- **TO DO**: Write out every record exactly as it appears. Skip the pictures.

AVAILABLE RECORDS: Begin

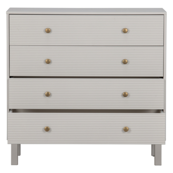 De ladekast biedt veel opbergruimte dankzij de vier royale lades. Elke lade heeft een afmeting van 86 cm lang, 38 cm breed en 20 cm hoog. Daarmee is er voldoende plek om kleding, linnengoed of andere spullen overzichtelijk op te bergen. De totale afmetingen van de kast zijn 91 cm hoog, 94 cm breed en 52 cm diep, waardoor het een praktisch formaat heeft voor in de slaapkamer of woonkamer.
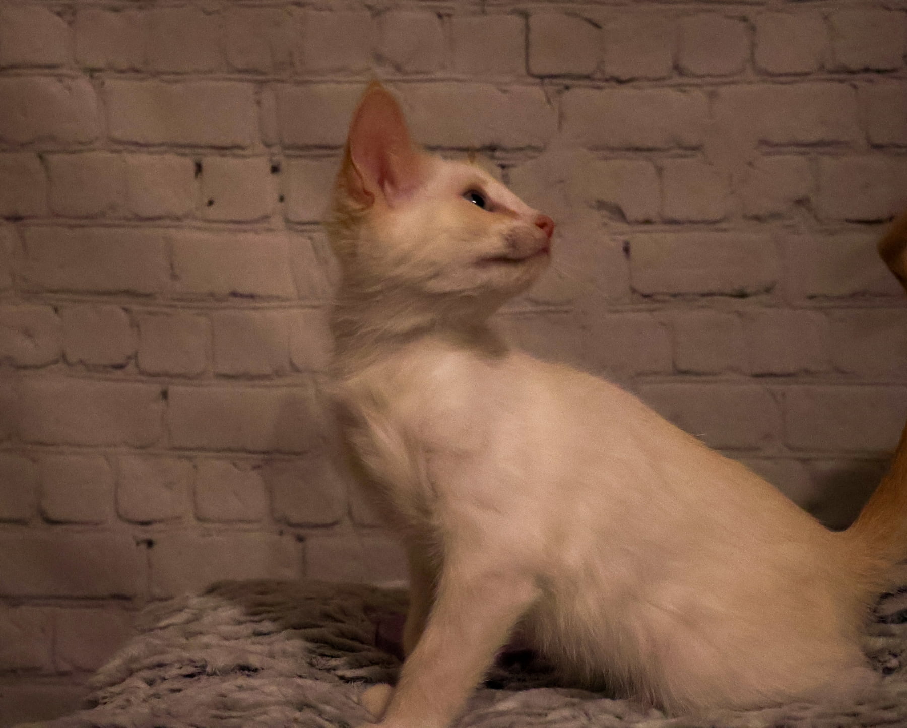 I am a stunning flamepoint kitten; my ginger face, legs, and tail will grow darker as I age. You might be shocked to hear I was born all white! I love to play, and I love to chat too. I am often found wrestling with my siblings. I do have an affectionate side, but I am not that cuddly. However, I am generally often around you and will strike up a conversation to let you know what you missed while you were away. If you are looking for a very playful, very chatty, very handsome kitten. I am your boy! #playplayplay #colorpointshavemuchtosay
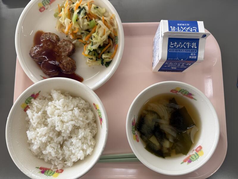 献立:麦入りご飯 牛乳 ハンバーグケチャップソース ゆで野菜 青じそドレッシング 味噌汁
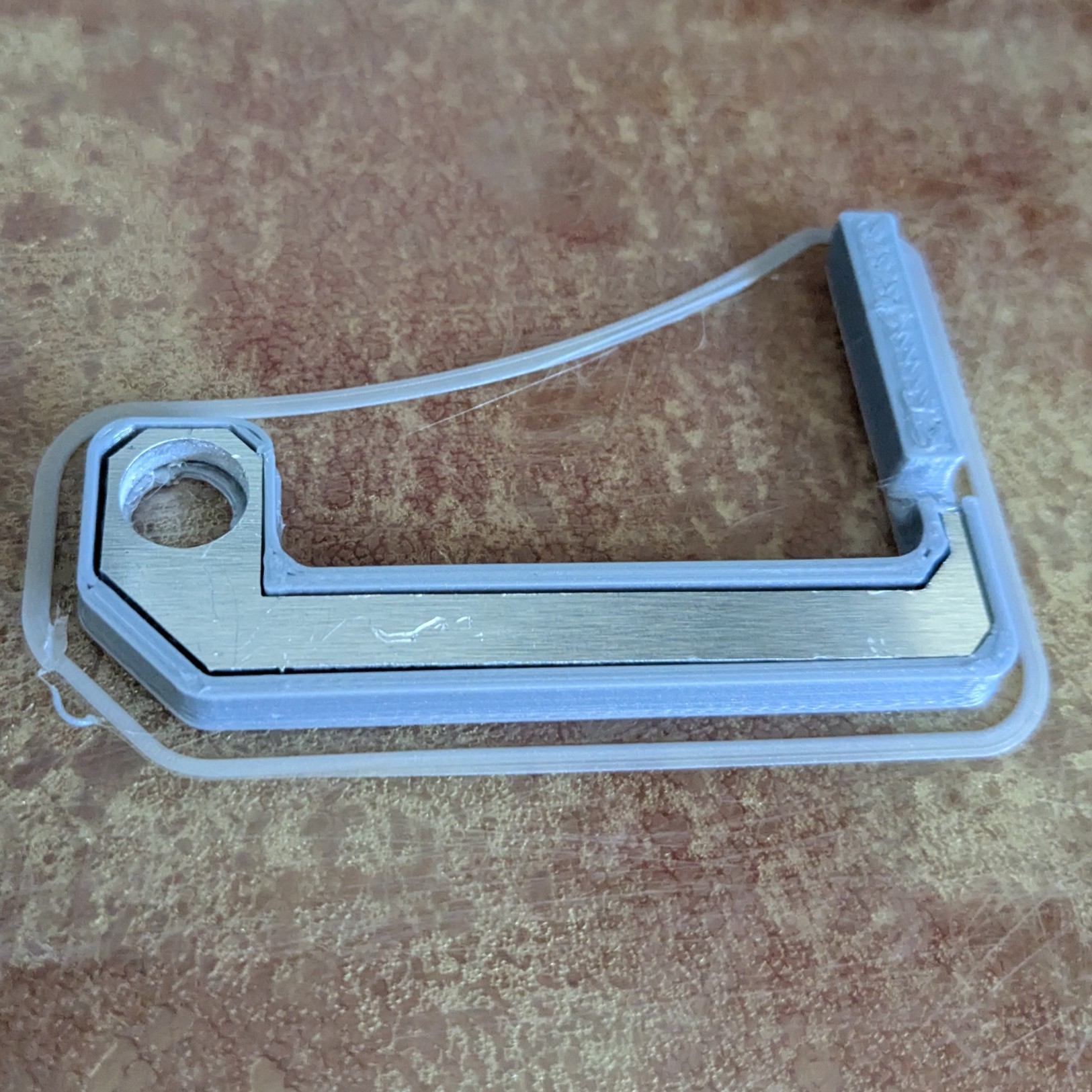 This is a hollowed out, 3D printed bracket that has a 1/8″ (0.125 inch) metal insert that spans the length of the bracket. This metal insert provides the rigidity of my all metal bracket but the feel and the colors of my ABS bracket. The metal insert is fully enclosed within the ABS and cannot be removed. There is a really cool window feature that allows you to peek inside the bracket revealing the metal insert. The insert is made of aluminum.
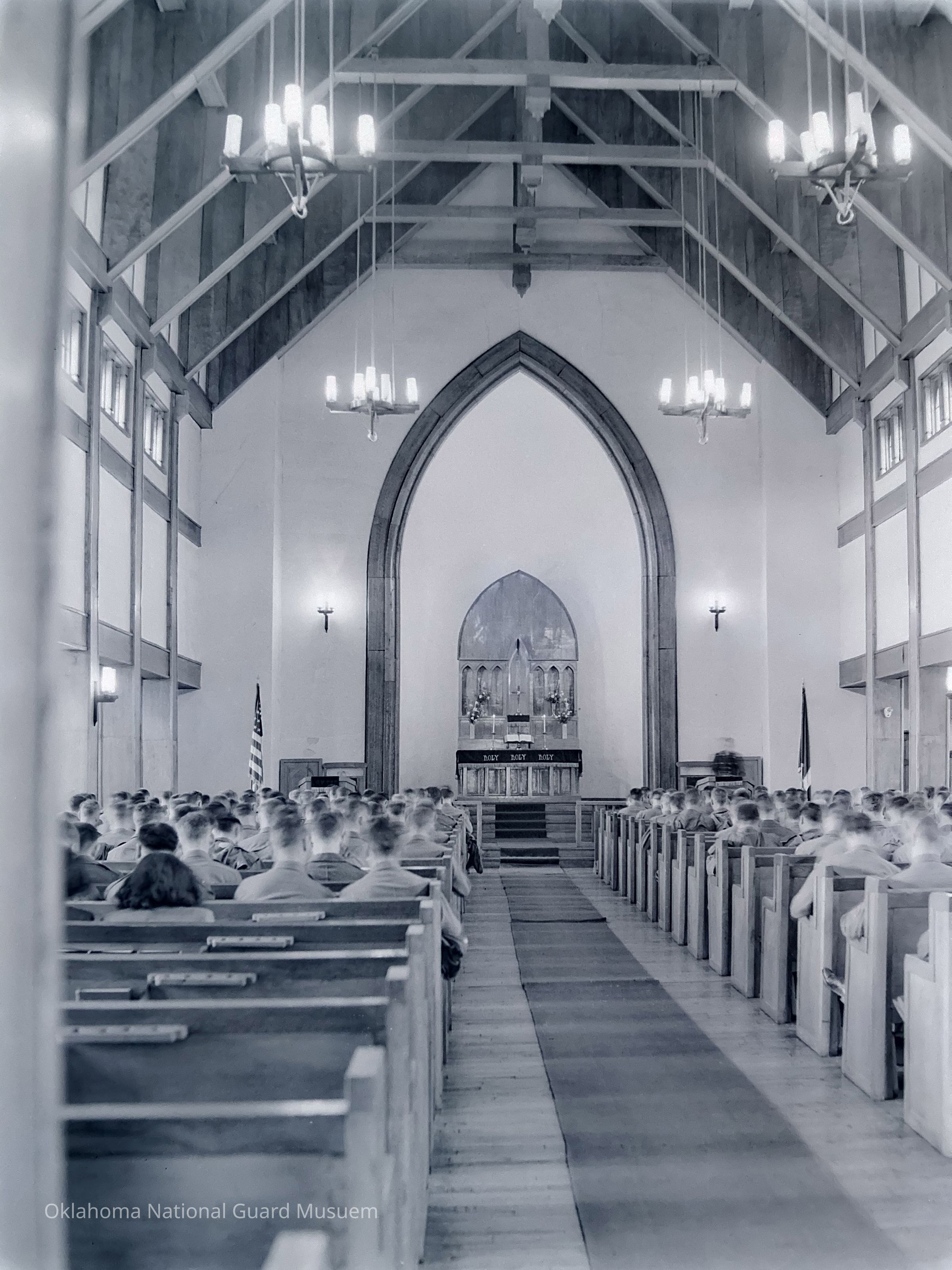 Soldiers, Church services, Churches, Pews, Flags, Altars
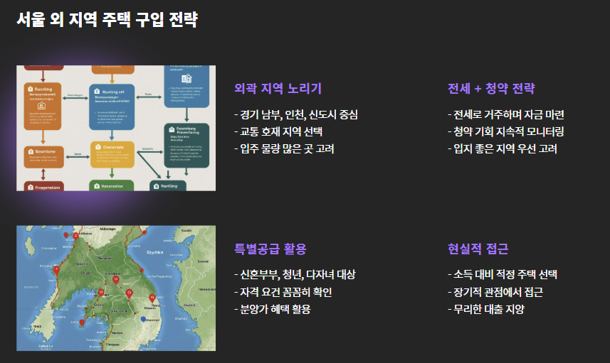 - 외곽 전세 + 청약 전략, 특별공급 활용, 현실적인 대출 계획으로 접근이 필요
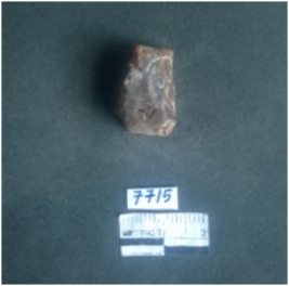 | Description / विवरण | This is a jasper stone, cortex on one surface, flaked marks on the other side seen. |
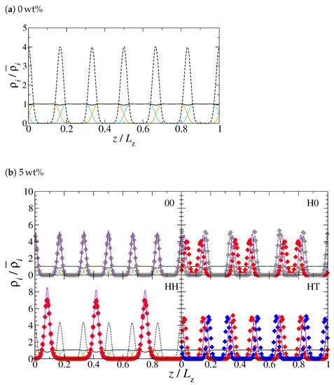 Density profiles of the pristine polymer (a) and the systems with 5 wt% particle mass fraction (b) in the z direction. The density profiles of h-block, t-block, chain beads and chains’ centre of mass are, respectively, indicated by orange, cyan, solid black and dashed black curves. The density profiles of H-like, T-like and neutral ND beads are represented as solid diamonds in red, blue and grey, respectively, and those of the NDs’ centre of mass as violet solid lines.
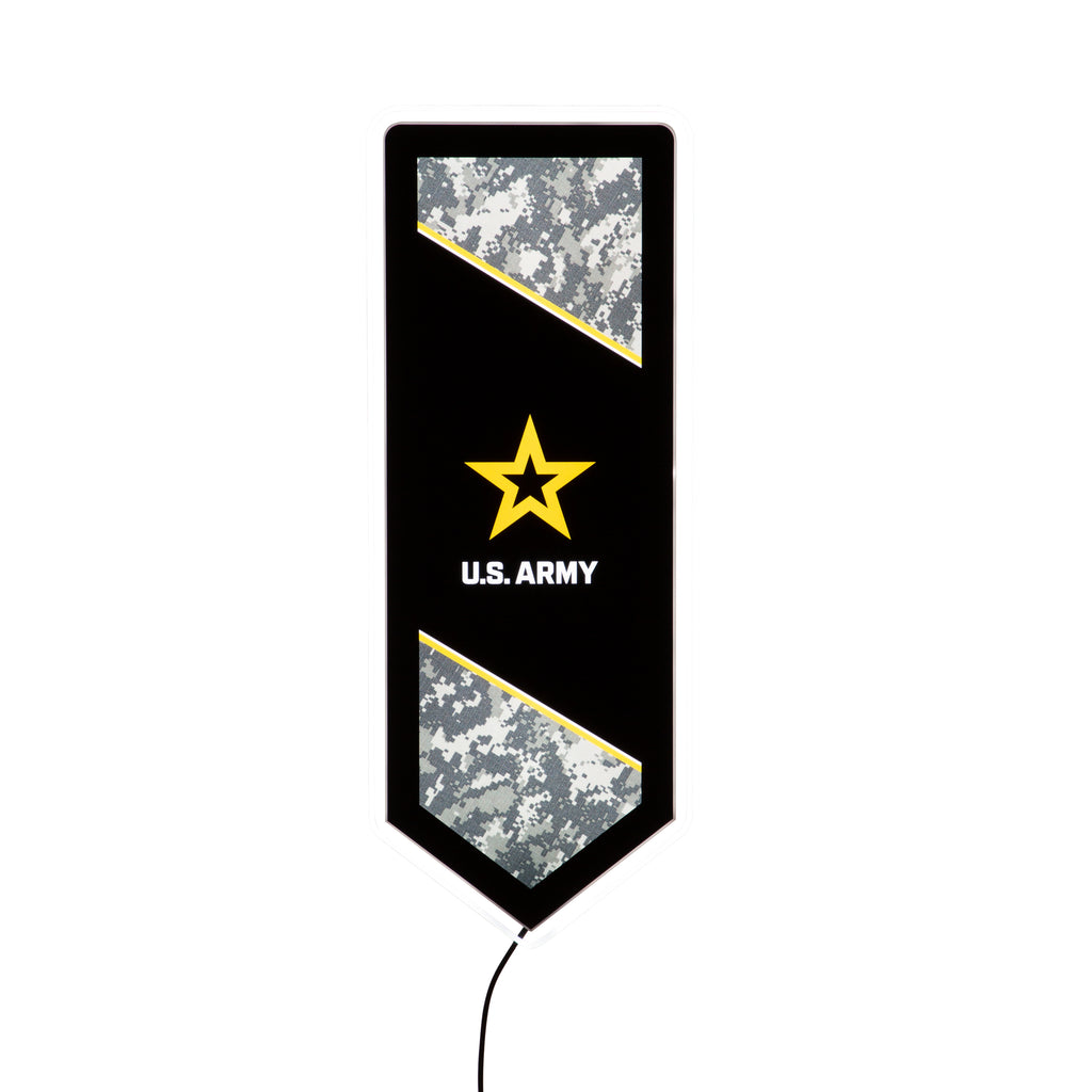 Illuminate your space with the US Army Military Pennant Glazelite LED Decor, featuring a striking LED-lit design that showcases your support for the Army.

AVAILABLE RECORDS: End

- **EXERCISE RESPONSE**:
 De ladekast biedt veel opbergruimte dankzij de vier royale lades. Elke lade heeft een afmeting van 86 cm lang, 38 cm breed en 20 cm hoog. Daarmee is er voldoende plek om kleding, linnengoed of andere spullen overzichtelijk op te bergen. De totale afmetingen van de kast zijn 91 cm hoog, 94 cm breed en 52 cm diep, waardoor het een praktisch formaat heeft voor in de slaapkamer of woonkamer.
 I am a stunning flamepoint kitten; my ginger face, legs, and tail will grow darker as I age. You might be shocked to hear I was born all white! I love to play, and I love to chat too. I am often found wrestling with my siblings. I do have an affectionate side, but I am not that cuddly. However, I am generally often around you and will strike up a conversation to let you know what you missed while you were away. If you are looking for a very playful, very chatty, very handsome kitten. I am your boy! #playplayplay #colorpointshavemuchtosay
 献立:麦入りご飯 牛乳 ハンバーグケチャップソース ゆで野菜 青じそドレッシング 味噌汁
 This is a hollowed out, 3D printed bracket that has a 1/8″ (0.125 inch) metal insert that spans the length of the bracket. This metal insert provides the rigidity of my all metal bracket but the feel and the colors of my ABS bracket. The metal insert is fully enclosed within the ABS and cannot be removed. There is a really cool window feature that allows you to peek inside the bracket revealing the metal insert. The insert is made of aluminum.
 Soldiers, Church services, Churches, Pews, Flags, Altars
 - 외곽 전세 + 청약 전략, 특별공급 활용, 현실적인 대출 계획으로 접근이 필요
 | Description / विवरण | This is a jasper stone, cortex on one surface, flaked marks on the other side seen. |
 Density profiles of the pristine polymer (a) and the systems with 5 wt% particle mass fraction (b) in the z direction. The density profiles of h-block, t-block, chain beads and chains’ centre of mass are, respectively, indicated by orange, cyan, solid black and dashed black curves. The density profiles of H-like, T-like and neutral ND beads are represented as solid diamonds in red, blue and grey, respectively, and those of the NDs’ centre of mass as violet solid lines.
 Illuminate your space with the US Army Military Pennant Glazelite LED Decor, featuring a striking LED-lit design that showcases your support for the Army.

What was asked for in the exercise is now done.